Une scène qu'on voit malheureusement trop souvent.
La fin des usines à chiots?
par Mélanie Adam
Bien que la récente législation assure un certain contrôle de la qualité des refuges pour animaux, il y a toujours des exceptions à la règle.
«Parmi les petites annonces, je suis capable de repérer les éleveurs de chiens qui sont sérieux ou non», mentionne Linda Arguin, contrôleur animalier dans les Cantons-de-l’Est.

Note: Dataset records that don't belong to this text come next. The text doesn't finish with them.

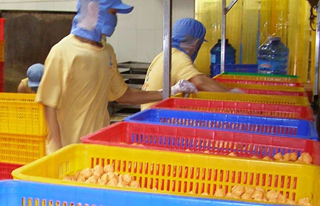 Nhân viên trong doanh nghiệp sản xuất bò viên, cá viên sẽ do ngành NN&PTNT cấp giấy xác nhận kiến thức VSATTP. Ảnh: TRẦN NGỌC
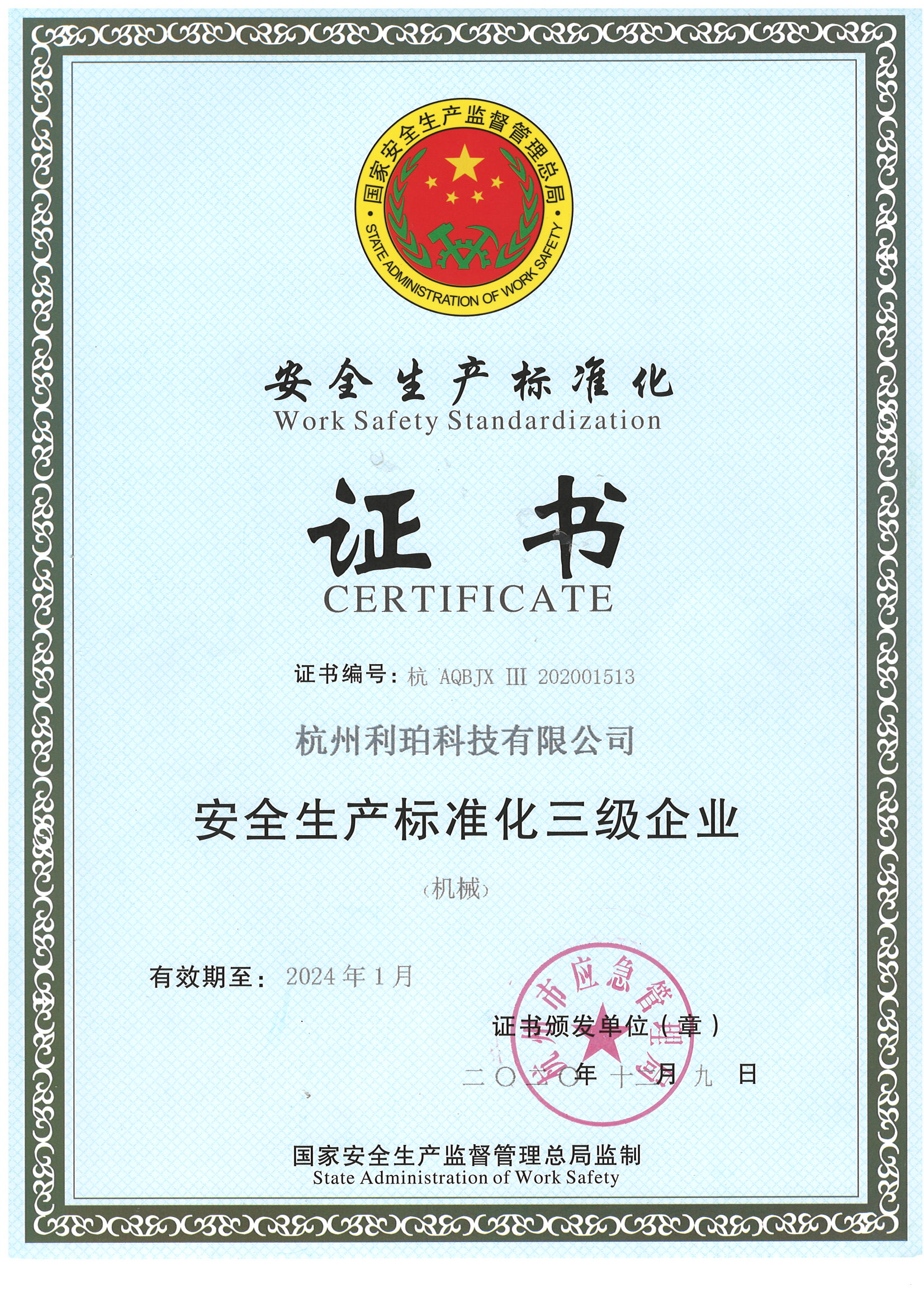 安全生產(chǎn)標(biāo)準(zhǔn)化證書(shū)
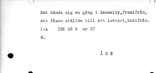 //// --*—____—_—- ... - * //// Det hände sig en gång i Sammelby, framifrån, //// Att Påsen ställde till ett lotteri,bakifrån, //// - //// * //// 1:4 INE 28 b nr 27 //// N. //// t //// ^ ÅBO) ////
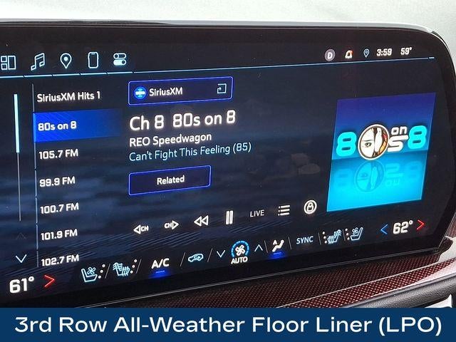 AWD, 10 Speakers, 1st & 2nd Row All-Weather Floor Liners (LPO), 3rd Row All-Weather Floor Liner (LPO), 6-Way Power Front Passenger Seat Adjuster, 8-Way Power Driver Seat Adjuster, Apple CarPlay/Android Auto, Auto High-beam Headlights, Bose Premium 10-Speaker Audio System Feature, Driver 4-Way Power Lumbar Seat Adjuster, Exterior Parking Camera Rear, Floor Liner Package (LPO), Front Passenger 4-Way Power Lumbar Seat Adjuster, Heated door mirrors, Heated front seats, Heated rear seats, Heated steering wheel, Navigation System, Perforated Leather-Appointed Seat Trim, Power driver seat, Power Liftgate, Power moonroof, Preferred Equipment Group 2RS, Radio: 17.7 Diagonal Display, Rain sensing wipers, Remote keyless entry, SiriusXM w/360L, Ventilated front seats, Wheels: 22 High Gloss Black Painted Aluminum.

La vision d’horreur de chiens logés dans des espaces restreints, dans des conditions d’hygiène médiocres, sous-alimentés et sans soins vétérinaires, où celles des femelles, accouplées jusqu’à épuisement, produisant des chiots à la chaîne, ne lui est pas étrangère. En effet, depuis dix ans, elle a participé à plusieurs démantèlements d’établissements d’élevage, dont à La Plaine et à Blainville, en 2005.
Alors résidante dans la région, où elle travaillait dans un salon de toilettage, Linda Arguin procédait à une cure de nettoyage des chiens récupérés par la fourrière, avant leur examen chez le vétérinaire. En 1999, avant l'entrée en vigueur de la Loi P-42 sur la protection sanitaire des animaux, la SPCA de Montréal lui avait donné le mandat de s’infiltrer dans une usine à chiens de Sainte-Anne-des-Plaines qui hébergeait plus de 400 animaux.
«C’était une vraie poubelle à chiens. Il y en avait partout, il y en avait avec les yeux crevés, d’autres brûlés. Certains étaient tenus par une laisse si courte qu’ils leur étaient impossibles de s’accroupir. D’autres n’étaient jamais sortis de leur cage et étaient incapables de marcher. Leur situation était exécrable», raconte-t-elle avec un haut-le-cœur.
Un an plus tard, la pratique illégale du Chenil du Tyrol est sortie au grand jour. «J’ai dû me lier d’amitié avec la propriétaire afin de gagner sa confiance et avoir accès aux carnets de santé de ces animaux qui, évidemment, étaient vides. J’ai même dû acheter des chiens pour prouver à quel point leur état était pitoyable. Lorsque la SPCA y est entrée, elle savait exactement où chercher les preuves», explique celle qui en a fait un métier.
Aujourd’hui, elle participe encore activement au démantèlement des refuges illégaux. «Il y en a beaucoup moins depuis l’entrée en vigueur de la Loi P-42, mais il en existe encore. Leurs propriétaires sont très méfiants et plus difficiles à attraper», explique-t-elle, appelant la population à la vigilance. «Il y a de bons éleveurs qui ne sont pas nécessairement enregistrés ou qui possèdent de faux certificats. En cas de doute, il faut se renseigner».